_Exercise aim_
Retype the listing exactly, with no images.

_Data segment_
★ ★ ★ ★
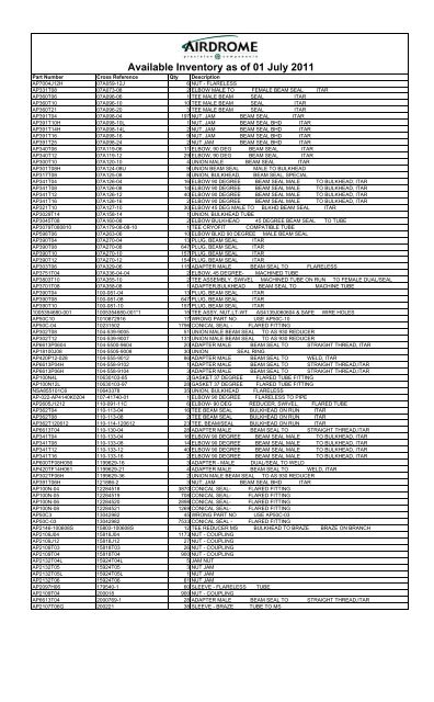 Available Inventory As Of 01 July 2011 Airdrome
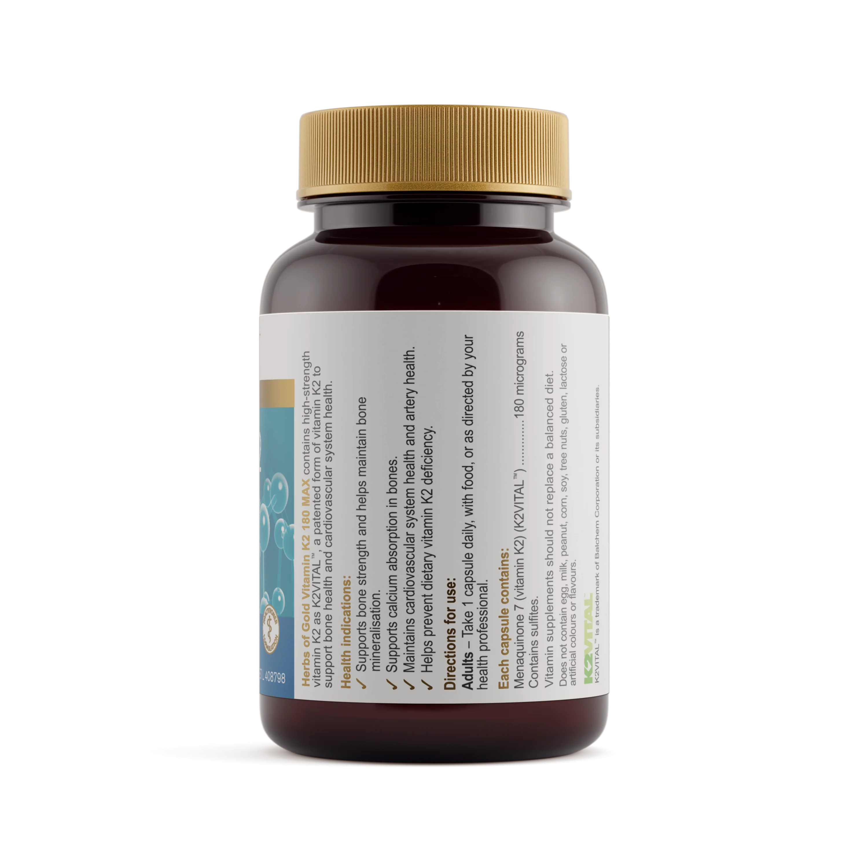 Herbs of Gold Vitamin K2 180 MAX contains vitamin K2 (menaquinone 7) as K2VITAL™, a high-quality, patented form of vitamin K2.
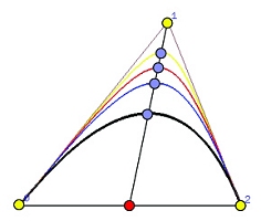 A very natural addition would be one more point. Plugging the coordinates of this point into the equation will give us an equation that is similar to those for control points P0 and P2. But, where is this point? This point should be inside of the triangle of the three control points so that the convex hull property can be maintained. The position of this point should also be "regular" so that we can easily change this point to produce another conic curve. One way to do this is allowing this point to be on the line segment joining P1 and the mid-point of P0P2. In this way, moving the fifth point on this line segment generates different conic curves as shown below:
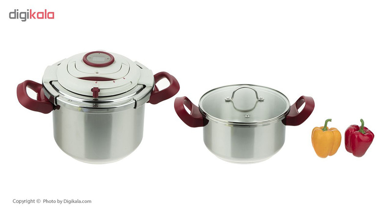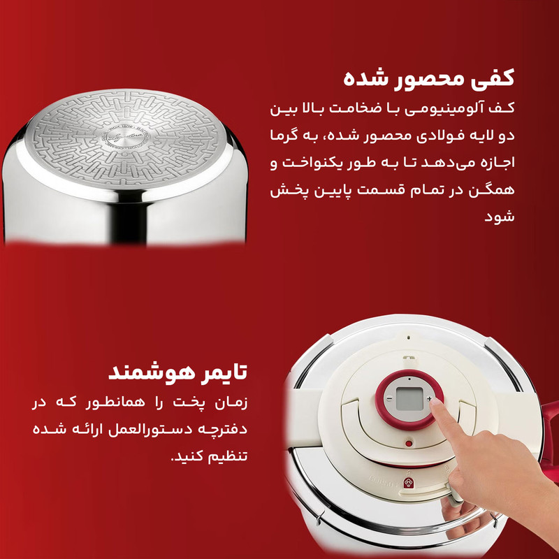 سایر توضیحات : زودپز دو قلو 6 و 4/5 لیتری تفال مدل Clipso Precision
★ ★ ★ ★
_Exercise output_
 Available Inventory As Of 01 July 2011 Airdrome
 Herbs of Gold Vitamin K2 180 MAX contains vitamin K2 (menaquinone 7) as K2VITAL™, a high-quality, patented form of vitamin K2.
 A very natural addition would be one more point. Plugging the coordinates of this point into the equation will give us an equation that is similar to those for control points P0 and P2. But, where is this point? This point should be inside of the triangle of the three control points so that the convex hull property can be maintained. The position of this point should also be "regular" so that we can easily change this point to produce another conic curve. One way to do this is allowing this point to be on the line segment joining P1 and the mid-point of P0P2. In this way, moving the fifth point on this line segment generates different conic curves as shown below:
 سایر توضیحات : زودپز دو قلو 6 و 4/5 لیتری تفال مدل Clipso Precision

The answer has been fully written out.